Thank you for a truly beautiful window into your lives. In an era when there was little or no acceptance makes me appreciate how lucky I am to share my life with the woman I love in these easier times.

I will share your story with friends gay and straight - to enrich their understanding that we are just ordinary people with the same capacity to love and be loved.

Thank you - you are a winner to me.

BenjaminRose
BenjaminRose

I think she should have won. Pope Francis may be exceptional for a Pope, but I think that this is more relevant at the moment.

stolenchild27
stolenchild27

Great story. Personally, I feel it's a pity Edie 'lost' to someone who hasn't gotten any farther than 'Who am I to judge?' (I like the gesture, Pope Francis, but Edie seems to better understand that 'no judgement' entails acknowledging everybody as equal and treating them as such.)

MEVAR
MEVAR

Truly an inspiring story!  Love should know no boundaries; people should be able to marry whomever they want.  I cannot understand how people can think that the wonderful relationship between Edie and Thea would take anything away from heterosexual marriages like mine.  The important things in any relationship are love, trust, and respect.  The sex of your partner should be only anecdotal.

MissH
MissH

What extraordinary women.  Their love and devotion changed the world.  Thank you Edie and Thea!

LOrion
LOrion

Wonderful piece! … Sharing via fb, google+ and twitter,  and keeping!

ValerieGrunsted
ValerieGrunsted

What a wonderful love story and happy ending!
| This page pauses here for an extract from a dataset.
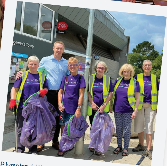
Plympton Litter Pickers

Edie and Thea paved the way for so many of us, and I am eternally grateful!

firefly212
firefly212

She put a face to the issue... and made it more practical than just ideological. People were screaming about how their religion didn't like gay marriage, but when she forced them to consider whether or not taxing little old ladies out of their homes in the name of some misguided morality really made any sense.